2 de Julio

Francisco de Regis

José A. Mateo
Mercabá, 2 julio 2024

         Nació en 1597 en Foncouverte (Narbona), en el seno de una acomodada familia campesina y en una época en que todavía se veían los consecuencias de las guerras de religión. En efecto, los hugonotes habían asesinado a los sacerdotes, destrozado las imágenes, robado y profanado los templos. Y a las persecuciones se había seguido un ambiente de profunda renovación católica, de devoción a la Virgen y a la eucaristía.

         Contados los 19 años, Francisco empieza a no sentirse a gusto, y empieza a tener aversión por las cosas del mundo. Siente la llamada de Dios, pero no se decide por una abadía cercana (muchas veces visitada, y en la que no pocos monjes eran parientes suyos) sino por la Compañía de Jesús, cuya alabanza a Dios consistía en ganar almas a través del apostolado directo.

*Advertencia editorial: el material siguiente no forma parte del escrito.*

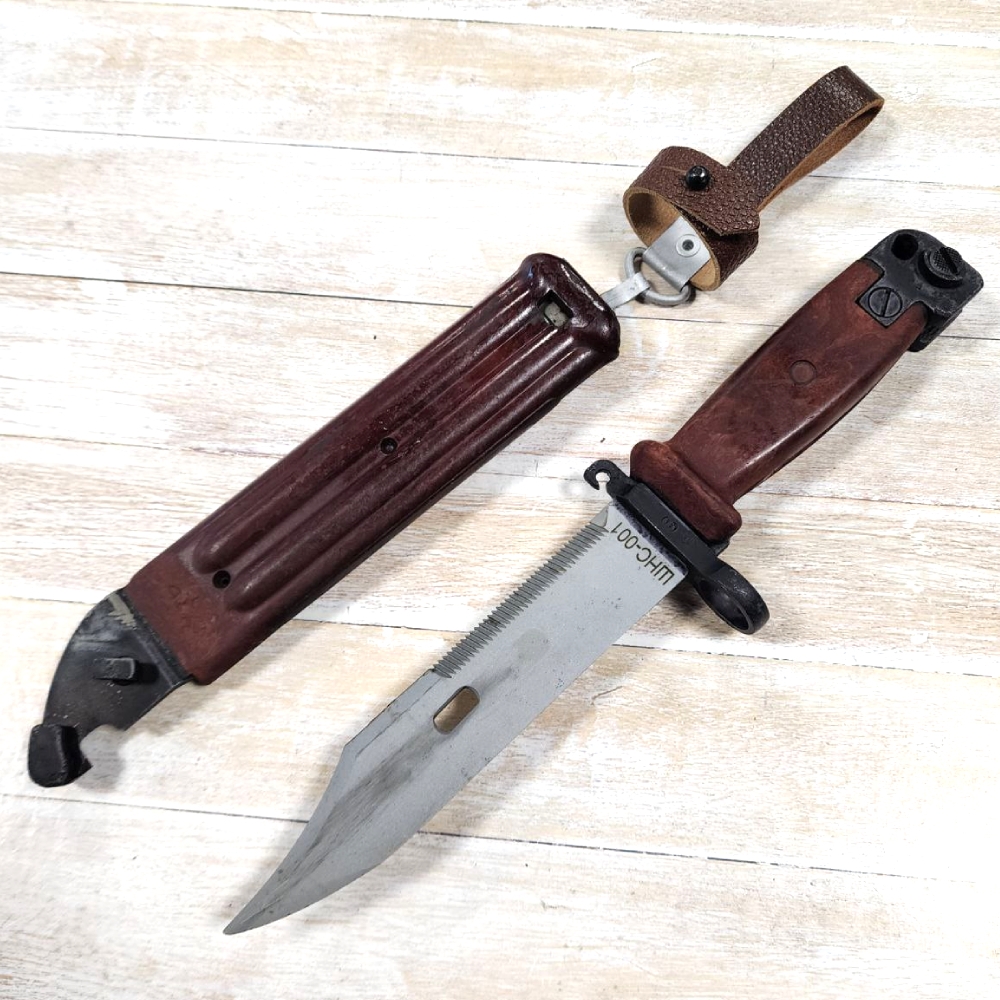 Штык нож к автомату Калашникова АК-47 полностью повторяет изделие, применявшееся армией СССР в 1967-1988 годах. Его клинок имеет одно лезвие, оснащенное зубчатыми насечками. Со стороны обуха кончик клинка слегка выгибается внутрь и становится двухлезвийным. Боевой армейский штык нож легко присоединяется к АК при помощи паза и специальной защелки с пружиной.
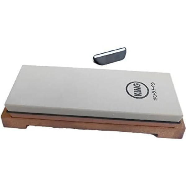 Sharpening stone made in Japan by King Whetstone: 1000 and 6000 grit combination, plastic including stand Dimensions of 1000/6000 stone: 185 x 63 x 25 mm Guide: 56 x 15 x 20 mm, optimal angle to ensure a very fine, sharp cutting edge › See more product details; Product description This set delivers savings over individual purchases. Contains: 1000/6000 grit combination whetstone, and a blade angle guide, which helps to maintain a constant and correct angle during sharpening. This guide is made of plastic and a ceramic rod. It is of excellent quality to stainless steel guides in terms of damage to whetstones.; Product description This set delivers savings over individual purchases. Contains: 1000/6000 grit combination whetstone, and a blade angle guide, which helps to maintain a constant and correct angle during sharpening. This guide is made of plastic and a ceramic rod. It is of excellent quality to stainless steel guides in terms of damage to whetstones.; This set delivers savings over individual purchases. Contains: 1000/6000 grit combination whetstone, and a blade angle guide, which helps to maintain a constant and correct angle during sharpening. This guide is made of plastic and a ceramic rod. It is of excellent quality to stainless steel guides in terms of damage to whetstones.

         Ingresa así en el Colegio Jesuítico de Beziers (ca. 1616), donde coincide con San Francisco Javier y se entrega generosamente a la gracia, en un ambiente de oración, penitencias y humillaciones voluntarias. Al tiempo de comenzar su Noviciado de Toulouse (ca. 1628), la peste se apodera de la ciudad, y todos los novicios son llevados a una casa de campo, donde Francisco comienza a sentirse devorado por la prisa en empezar su tarea apostólica.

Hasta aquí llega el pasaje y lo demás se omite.